About 75% of the original filtrate volume is reabsorbed by the time the tubular fluid enters the Henle’s loop.

This reabsorption of water occurs osmotically, as a result of dilution of the filtrate due to active uptake of sodium by the cells lining-the walls of tubule.

The descending tubules of Henle’s loops are permeable to diffusion of water, sodium and chloride ions.

As the tubular fluid passes through Henle’s loop, it enters regions of increasing osmotic, sodium and chloride ion concentrations.

Water then is osmotically withdrawn and sodium and chloride ions are actively pumped into the tubule, keeping tubular fluid concentrations close to those existing outside the tubules.

The cells of the ascending limb of Henle’s loop are impermeable to diffusion of water and chloride ions.

However, these actively transport chloride ions outward. As a result, the tubular fluid remains reduced in volume (about 50% of its volume was removed osmotically in the descending limb), but it becomes progres­sively more dilute as it reaches the distal tubule.

This tubular fluid of low osmotic concentration enters the distal tubule. The cells of this region are permeable to water, so additional osmotic removal of water occurs and filterate becomes isotonic.

The final concentration of the urine takes place in the collecting ducts whose cells can vary greatly in their permeability to water, this variation being under the control of at least one and possibly two chemicals.

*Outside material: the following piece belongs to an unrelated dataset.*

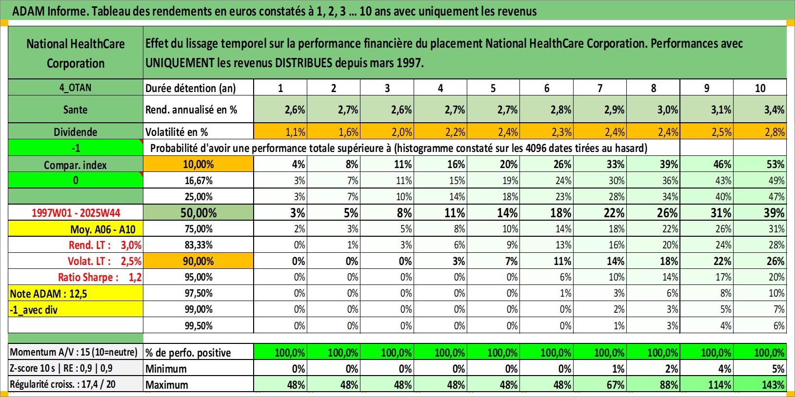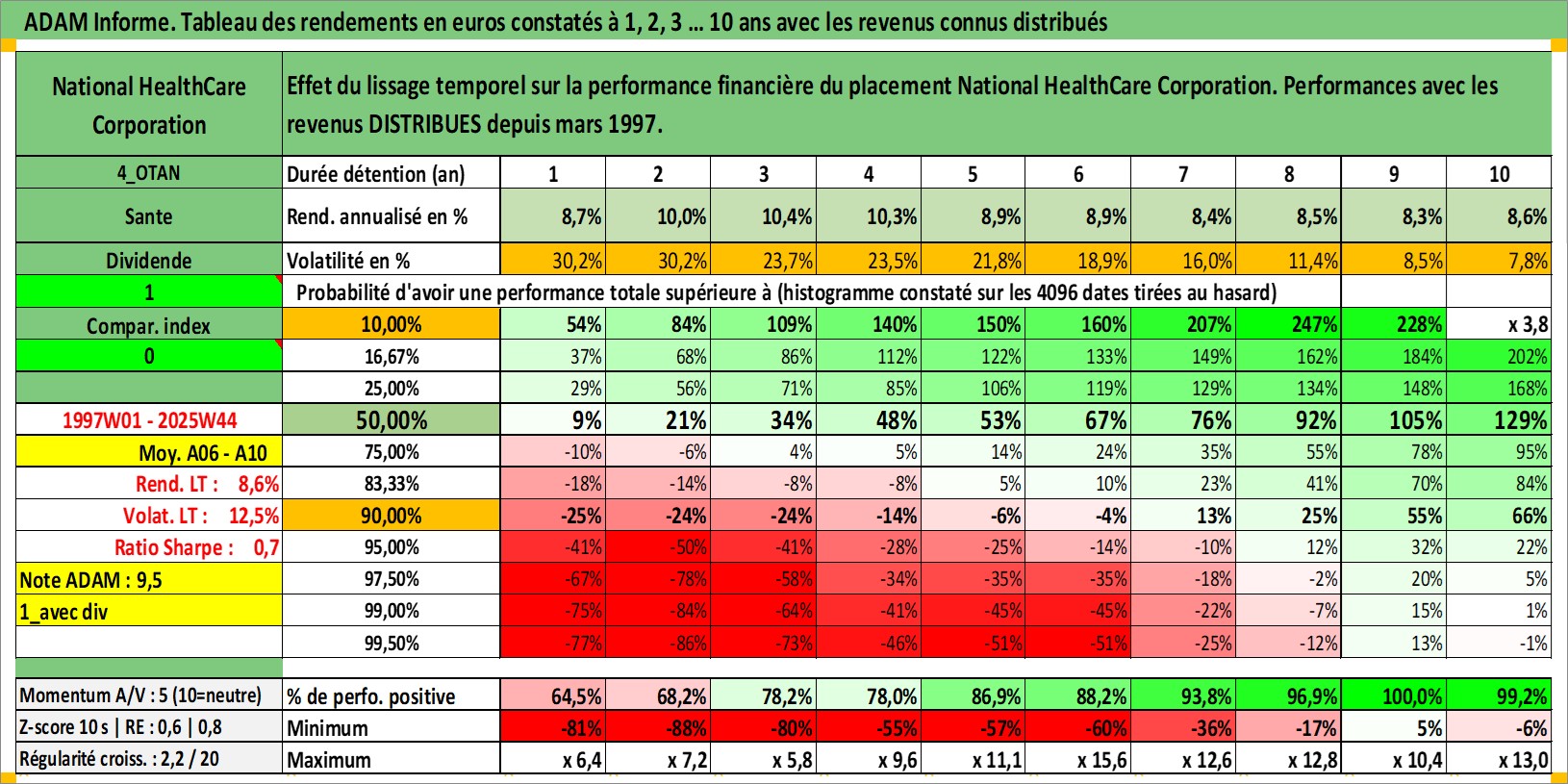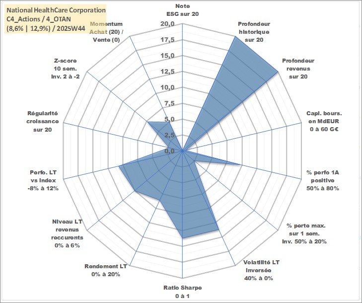 Site dédié aux investisseursPage dédiée sur site financeAnalyse des valorisations hebdomadaires de l'action National HealthCare Corporation. Cet actif est cote en USD. Les valorisations sont en contrevaleur EURO et couvrent les semaines 1997W01 a 2025W44. Les revenus de cet actif financier sont pris en compte depuis la semaine 1997W13. La note ESG de cet actif n'est pas connue.

These chemicals are the neurohypophyseal hormone vasopressin (also called the antidiuretic hormone, ADH) and the enzyme hyaluronidase.

The action of ADH is well understood while that of hyaluronidase is still uncertain. Thus, the tubular fluid in the distal tubule and later in the collecting tubule becomes hypertonic and is known as urine.

Hypertonic urine, thus, produced in the nephrons passes into the collecting tubules and thence into the calyces which lead to the renal pelvis.

The urine passes from the pelvis through a ureter into the urinary bladder from where it is removed outside the body time to time.

Blood leaves the kidney through the renal vein and returns to the general circulation by way of the inferior vena-cava.